■ **Activity**:
Find, in the records below, the line that contains "Young bearded man" and the line that contains "Mileage sign north". Copy those two lines and everything between them exactly, but not the pictures.
START Material for this exercise
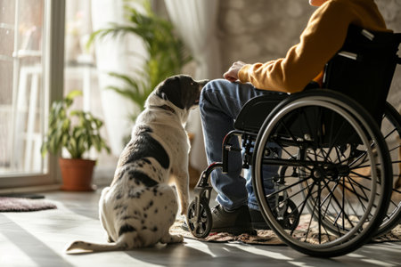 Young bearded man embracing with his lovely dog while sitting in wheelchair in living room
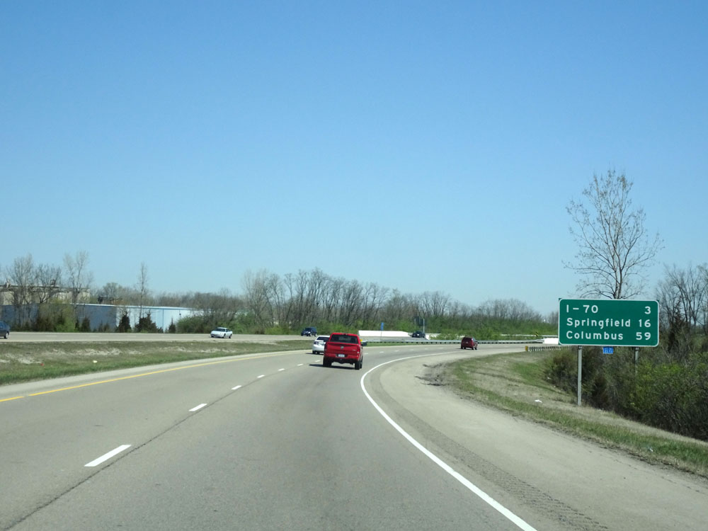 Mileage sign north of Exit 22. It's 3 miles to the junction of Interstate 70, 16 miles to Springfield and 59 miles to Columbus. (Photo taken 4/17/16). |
END Material for this exercise
START Material for this exercise
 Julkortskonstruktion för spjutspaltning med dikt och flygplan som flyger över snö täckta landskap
END Material for this exercise
■ **Solution**:
 Young bearded man embracing with his lovely dog while sitting in wheelchair in living room
 Mileage sign north of Exit 22. It's 3 miles to the junction of Interstate 70, 16 miles to Springfield and 59 miles to Columbus. (Photo taken 4/17/16). |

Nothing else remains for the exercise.